» What to produce:
Restate the data below word for word, omitting pictures.

» Collected material:
───
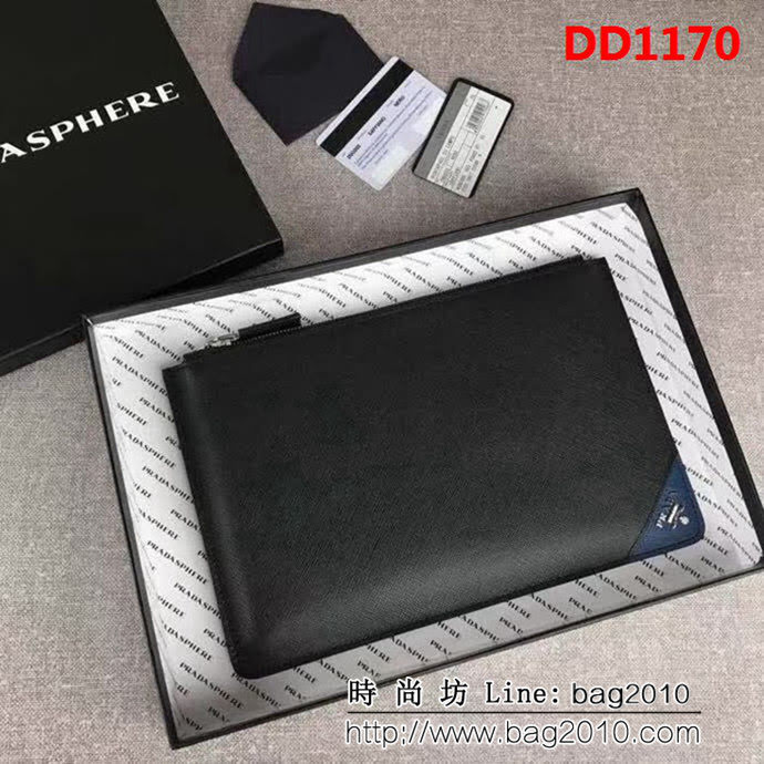 PRADA普拉達 官網同步 專櫃最新款式 頂級原單十字紋牛皮 男士手包 2NG005 DD1170
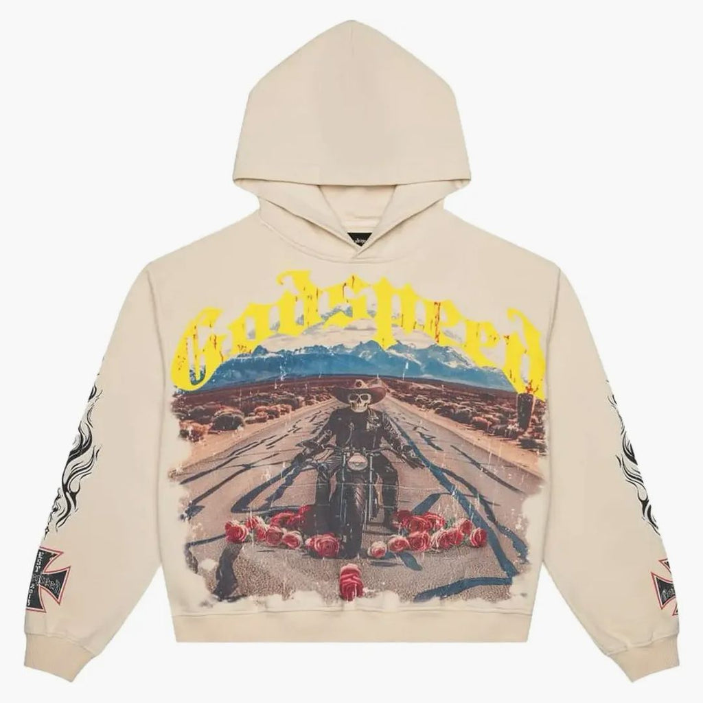 Der Godspeed Long Lonely Road Hoodie Bone verbindet rebellischen Biker-Vibe mit markanter Streetwear-Ästhetik. Auf der Vorderseite dominiert ein großflächiger Print mit Skelett-Biker auf einer endlosen Wüstenstraße, umgeben von Bergen und roten Rosen. Der leuchtend gelbe „Godspeed“ Schriftzug im Gothic-Style setzt einen starken Kontrast zum hellen Bone-Farbton und verleiht dem Hoodie maximale Präsenz. Schwarze Flammen-Details und Cross-Elemente auf den Ärmeln unterstreichen den rockigen Look. Auf dem Rücken sorgt der ikonische „Out Of Many, One“ Print in kräftigem Gelb mit leichtem Vintage-Finish für ein klares Statement. Hochwertiger Druck, bequemer Fit und auffällige Grafiken machen diesen Godspeed Hoodie zum perfekten Piece für ausdrucksstarke Streetwear-Outfits mit Western- und Biker-Flair.Bei HYPENEEDZ erhältst du ausschließlich neue und 100% originale Produkte.
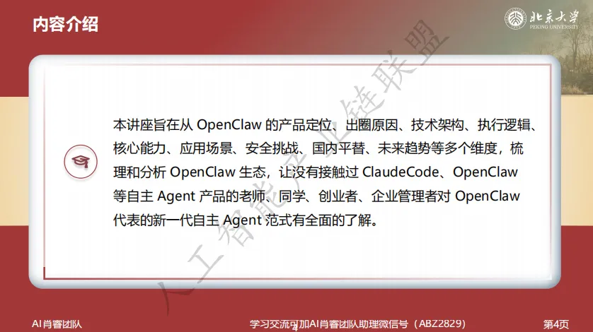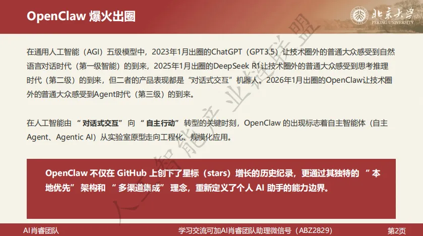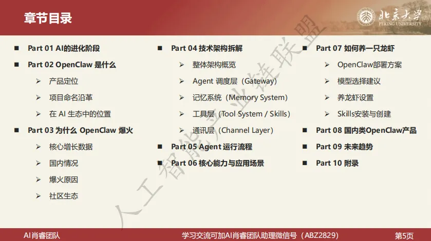 北京大学: 《OpenClaw001:龙虾使用入门-技术架构、生态、应用场景》 (完整版.pdf ) 以下仅展示部分内容 下载方式见文末
───
» Answer section:
 PRADA普拉達 官網同步 專櫃最新款式 頂級原單十字紋牛皮 男士手包 2NG005 DD1170
 Der Godspeed Long Lonely Road Hoodie Bone verbindet rebellischen Biker-Vibe mit markanter Streetwear-Ästhetik. Auf der Vorderseite dominiert ein großflächiger Print mit Skelett-Biker auf einer endlosen Wüstenstraße, umgeben von Bergen und roten Rosen. Der leuchtend gelbe „Godspeed“ Schriftzug im Gothic-Style setzt einen starken Kontrast zum hellen Bone-Farbton und verleiht dem Hoodie maximale Präsenz. Schwarze Flammen-Details und Cross-Elemente auf den Ärmeln unterstreichen den rockigen Look. Auf dem Rücken sorgt der ikonische „Out Of Many, One“ Print in kräftigem Gelb mit leichtem Vintage-Finish für ein klares Statement. Hochwertiger Druck, bequemer Fit und auffällige Grafiken machen diesen Godspeed Hoodie zum perfekten Piece für ausdrucksstarke Streetwear-Outfits mit Western- und Biker-Flair.Bei HYPENEEDZ erhältst du ausschließlich neue und 100% originale Produkte.
 北京大学: 《OpenClaw001:龙虾使用入门-技术架构、生态、应用场景》 (完整版.pdf ) 以下仅展示部分内容 下载方式见文末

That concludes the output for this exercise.